The Funny Odds of Online Dating
June 10, 2004
By Michele Gershberg 

NEW YORK (Reuters) - Rick, a Web site developer from Columbus, Ohio, remembers his divorce nearly four years ago with an extra tinge of bitterness: His ex-wife remarried the same day, to a man she met via the Internet. 

"After we decided to split, we were still living together for awhile and she got online," Rick, 29, said. "They ended up meeting and two days after that, she was wearing his ring." 

Rick later tried his own luck at a Web dating forum, but said a promising flirtation with a woman turned sour after several weeks of e-mail contact. He finally met a new love online, but not at a dating site -- the unsuspecting sweetheart sent him a message to compliment a music disc he had recorded. 

"It's blossomed very naturally as opposed to anything else I've experienced online," he said. 

While the Internet has arguably increased the chances of meeting potential mates, it carries its own share of heartbreak and growing complaints about false profiles, bad behavior and ill-suited matches. 

A number of online daters and Internet sites are taking matters into their own hands, critiquing these services and warning their peers of the pitfalls of Web hook-ups. 

Some review sites, like Dating Services | Dating Service Reviews, compare the attributes of dating services, give tips for online dating safety and recommend ways to tweak a profile for better results. 

They distinguish between sites like Match.com (Match | Start Something Great) or eHarmony (eharmony | Dating site to meet singles & find real love!), which purport to seek meaningful matches for the single gal and guy, versus more casual encounters at Lavalife (Lavalife.com Online Dating Site & Mobile Apps – Where Singles Click®) or ethnically targeted sites like JDate (http://www.jdate.com) for Jewish singles. 

Reader polls on favorite dating sites can be seen at Dating Sites Reviews - Help for finding online dating services and dating apps.. A breakdown of broad and specialty sites are listed at Site Offline, while personal testimonies are collected for all to read at http://www.edatereview.com. 

*GROWING MARKET* 
At least 29 million Americans, or two out of five singles, used online dating services last year, and that market is expected to keep growing over the next five years. 

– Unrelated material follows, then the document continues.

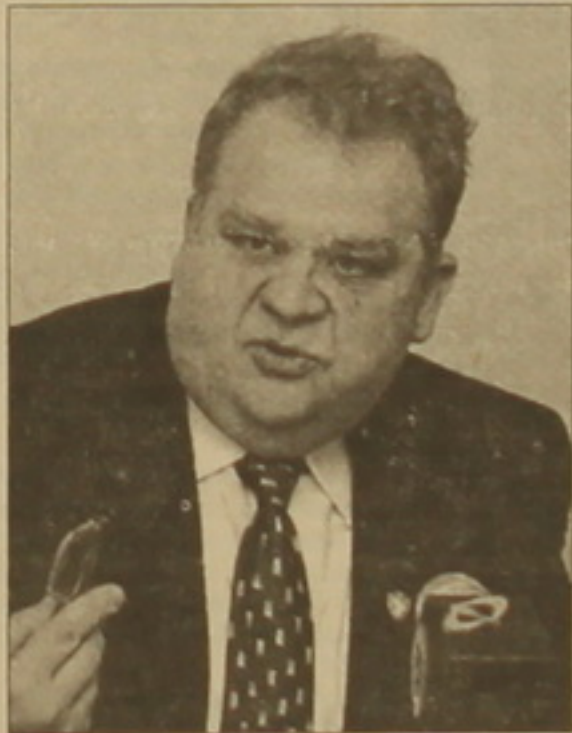
Որ, ոչ էլ ընդդիմությանը: Առաջին հասարակության մեջ լուրջ դժգոհություն կա իշխանություններից, երկրորդ՝ մեր հասարակությունը չի տեսնում ընդդիմադիր որևէ ուժ, որի հետեից ղեկ է գնա: Այս առումով առկա է բարոյահոգեբանական ճգնաժամ:

«Ճգնաժամ» արտահայտությունը սերմին է օգտագործել, եթե խոսքը Ազգային ժողովի մասին է: Չմայած խորհրդարանական մեծամասնությունն աղախվում է նիստերի օրինակությունը, այնուամենայնիվ, ընդդիմության բացակայությունը ոչ լիարժեք է ասելով: Եթե որդեգրված ճգնաժամն իրականում են հակասությունների ծայրաստիճան սրունը հասարակության մեջ, ժողովրդի մեծամասնության կողմից դժգոհության արտահայտումը, ընդ որում, դժգոհության արտահայտման բազմաթիվ եւ բազմաթիվ ձևեր կան, աղախ իրավիճակը ճգնաժամային չէ: Հարցն այն չէ, թե որքան մարդ է գալիս հանրահավաքներին, ինչքան էր հնարավոր, որ գար, ինչպես մեծ թվով ժողովուրդ չի հավաքվում: Առկա է երկու դեպք՝ ճգնաժամ, ինչը, կարծում եմ, դուր չի գա ոչ իշխանությանը, ոչ էլ ընդդիմությանը: Առաջին հասարակության մեջ լուրջ դժգոհություն կա իշխանություններից, երկրորդ՝ մեր հասարակությունը չի տեսնում ընդդիմադիր որևէ ուժ, որի հետեից ղեկ է գնա: Այս առումով առկա է բարոյահոգեբանական ճգնաժամ:

But amid the triumphant tales of e-mails that end in wedding bells, a growing number of online daters are voicing complaints. At eDateReview, some of the most popular match-up sites garner lukewarm ratings. 

The most frequent complaints are that there are far more men online than women and a lack of protection against sexual predators or cheating lovers, said Michael Kantor, an information technology project manager in Arlington, Virginia, who runs the site. 

"Men lie about their availability, whether they have a steady girlfriend or wife, and women tend to lie mostly about their looks," Kantor said. 

One of 27 critiques of the site comes from a reviewer named Rich, who gives Match.com a two-star rating out of five potential stars. 

"I've come to this conclusion -- there are not a whole lot of good-looking women on these dating sites," he wrote. "'Average' (in a profile) means fat, 'extra pounds' means bring a defibrillator to the date." 

A reviewer identifying herself as Natalie closed her account at eHarmony after a match that didn't click, saying: "I'll take my chances on meeting my next date the conventional way." 

Online dating sites say their membership rules require honest representation and prohibit harassment or abusive behavior. Some recognize that credibility problems could harm a business estimated to grow from $398 million in 2004 to $642 million within four years, according to Jupiter Research. 

"We employ a lot of people that spend a lot of time reviewing the content posted on the site," said Tim Sullivan, chief executive of top dating site Match.com. "We're a brand that tends to attract people seeking a serious relationship." 

Sullivan said that each month, as many as 3,000 profiles are rejected right off the bat, while another 2,000 are removed because of complaints from other members of dishonesty. A 6-person "fraud and abuse" team investigates more serious breaches. 

Sullivan said that Match.com was testing a pilot program in Dallas this month offering members a chance to get a professional "certified" photo posted online, bearing a Match.com stamp with the date it was taken. 

Nate Elliott, Jupiter Research's analyst of online dating, said the grievances were just a sign of how mainstream the practice has become. 

"The things people do online to deceive people are the same things they do offline," Elliott said. "The point of connection is on a Web site instead of a bar or a gym."


----------